One exception: the built-in HR Persona processes queries through a remote webAI-hosted service, not on-device inference. See connected personas for details.
Inference backends
webAI supports three inference backends. The system automatically selects the best one based on your hardware, or you can choose manually.- WebGPU
- MLX
- llama.cpp
Browser-native GPU inference. Works on any platform with a supported browser (Chrome 113+, Edge 113+). This is the default backend in browser mode.
- Runs in the browser — no native app required
- Uses your GPU via the WebGPU API
- Best for: quick setup, cross-platform compatibility
WebGPU support varies by device. Older GPUs or browsers without WebGPU will fall back to llama.cpp if running in the desktop app.
Automatic backend routing
When you load a model, the system profiles your device and selects the best backend automatically:Device profiling
The system checks your available memory, GPU capabilities, and platform (macOS, browser, etc.).
Backend selection
Based on the profile, it selects WebGPU, MLX, or llama.cpp — prioritizing speed and model compatibility.
Model tiers
Models are organized into tiers based on size and the memory required to run them. The system recommends a tier based on your device’s capabilities.MLX models (Apple Silicon)

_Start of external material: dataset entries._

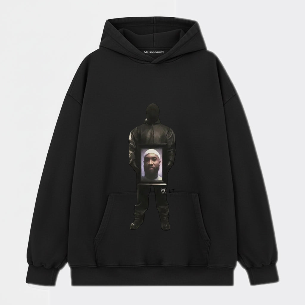 मैसनऑरिव वॉश्ड डार्क वाइब टी - ब्लैक | वाटरवॉश ग्रे - हुडेड पोर्ट्रेट ग्राफिक टीईई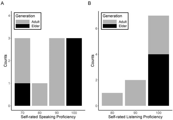 (A) Self-rated speaking proficiency in Palenquero. (B) Self-rated listening proficiency in Palenquero (N = 10).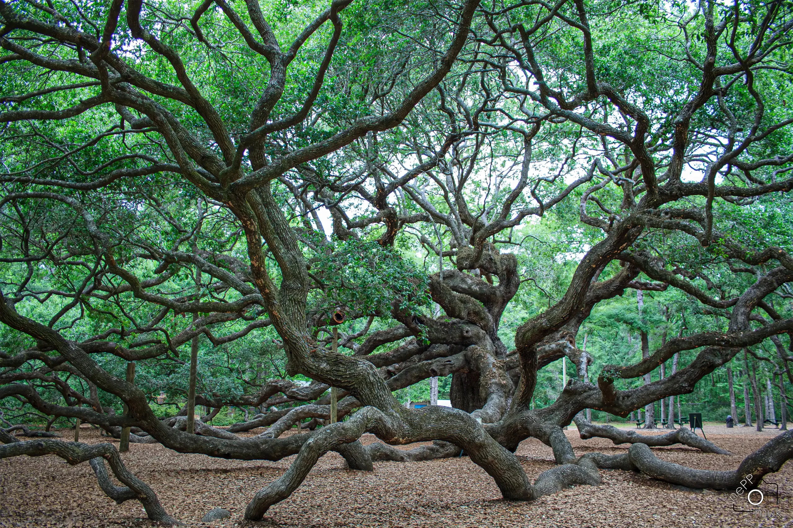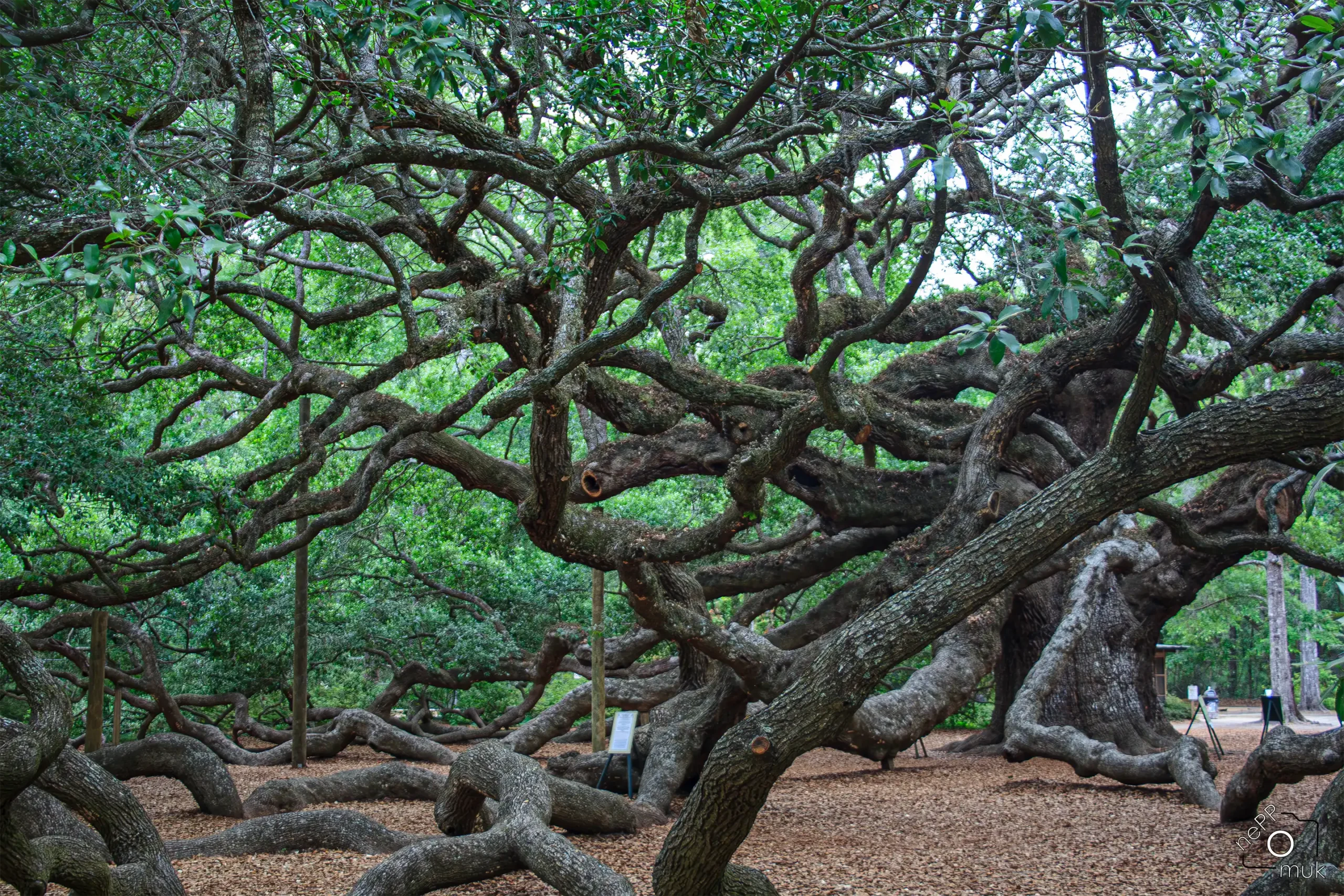 Der Angel Oak Tree ist kein einzelner Stamm mit Krone, sondern ein komplexes System aus tragenden und getragenen Strukturen. Viele der ausladenden Äste senken sich im Laufe der Jahrhunderte bis zum Boden ab, wo sie erneut Wurzeln schlagen und den Baum zusätzlich stabilisieren. Dieses Zusammenspiel aus Wachstum und Selbstabstützung erklärt, warum der Angel Oak trotz seines Alters und der enormen Ausdehnung noch immer vital wirkt.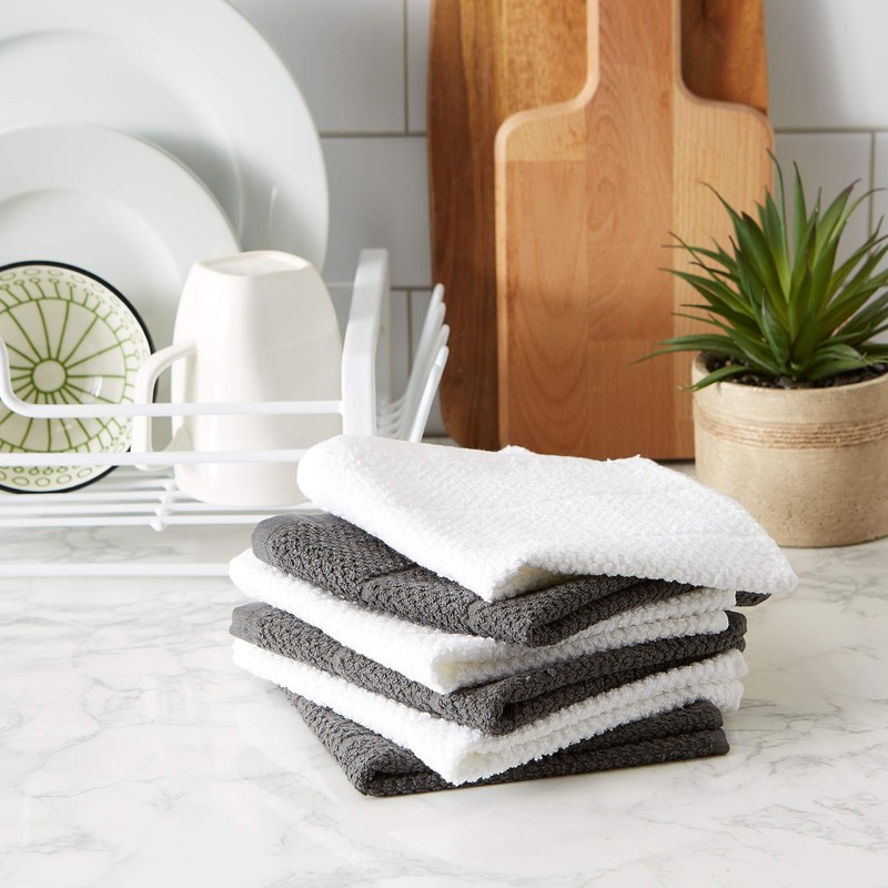 DII Basic Chef Collection, Juego de Toallas de Cocina de Rizo Surtido, Juego de paños de Cocina, Gris Mineral, 6 Piezas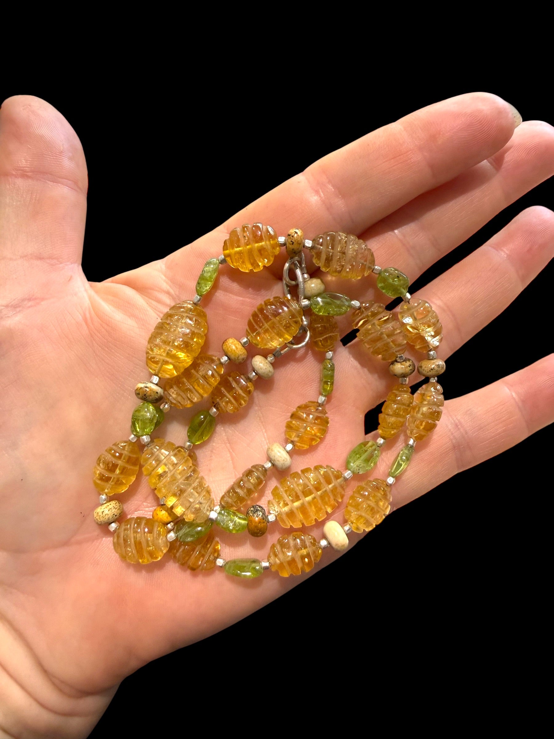 Uniquely different necklace that combine some of our oldest shaped citrine beads with Indianjasper and boulder peridots. We've highlighted the beauty of our necklace by using tiny handmade sterling silver beads between each stone. All finished with sterling silver hook fastenings.

| Tier | Model | Memory required |
|---|---|---|
| 1 | Gemma 3n E2B | 4 GB |
| 2 | Gemma 3n E4B / Qwen3 4B | 8 GB |
| 3 | Qwen3 8B | 16 GB |
| 4 | Qwen3 32B | 32 GB |
| 5 | Qwen3 235B | 64+ GB |
llama.cpp models (CPU)
| Tier | Model | Memory required |
|---|---|---|
| 1 | Qwen3 0.6B | 4 GB |
| 2 | Qwen3 4B | 6 GB |
| 3 | Qwen3 8B / Gemma 3 12B | 16 GB |
| 4 | Qwen3 32B | 32 GB |
| 5 | Llama 3.3 70B | 64+ GB |
WebGPU models (Browser)
| Tier | Model | GPU memory required |
|---|---|---|
| 1 | Qwen3 1.7B | 4 GB |
| 2 | Qwen3 4B | 8 GB |
| 3 | Qwen3 8B | 16 GB |
| 4 | Qwen3 14B | 32 GB |
| 5 | Qwen3 32B | 32+ GB |
WebGPU model availability depends on your device’s GPU memory. The system automatically falls back to smaller models if a tier can’t be loaded. For the largest models, use the desktop app with MLX or llama.cpp.
LoRA adapters
LoRA (Low-Rank Adaptation) adapters let you customize a model’s behavior without downloading an entirely new model. Adapters are small files that layer on top of a base model to specialize it for a particular domain or style.Available adapters
| Adapter | Base model | Purpose |
|---|---|---|
| Chatbot LoRA | 0.5B | General conversational improvements |
| PubMedQA LoRA | 0.5B | Medical and biomedical Q&A |
| QwQ Creative LoRA | 0.5B | Creative writing and storytelling |
| Math LoRA | 0.6B | Mathematical reasoning |
| UltraChat SFT | 1.7B | Instruction following |
| SFT LoRA | 1.7B | Supervised fine-tuning |
| DPO LoRA | 1.7B | Alignment and preference optimization |
Idle management
To conserve resources, the AI runtime automatically manages model lifecycle:- Soft timeout (2 minutes) — If no requests are made, the runtime begins preparing to release resources.
- Hard timeout (5 minutes) — The model is fully unloaded from memory.
- Instant reload — When you send a new message, the model loads back automatically.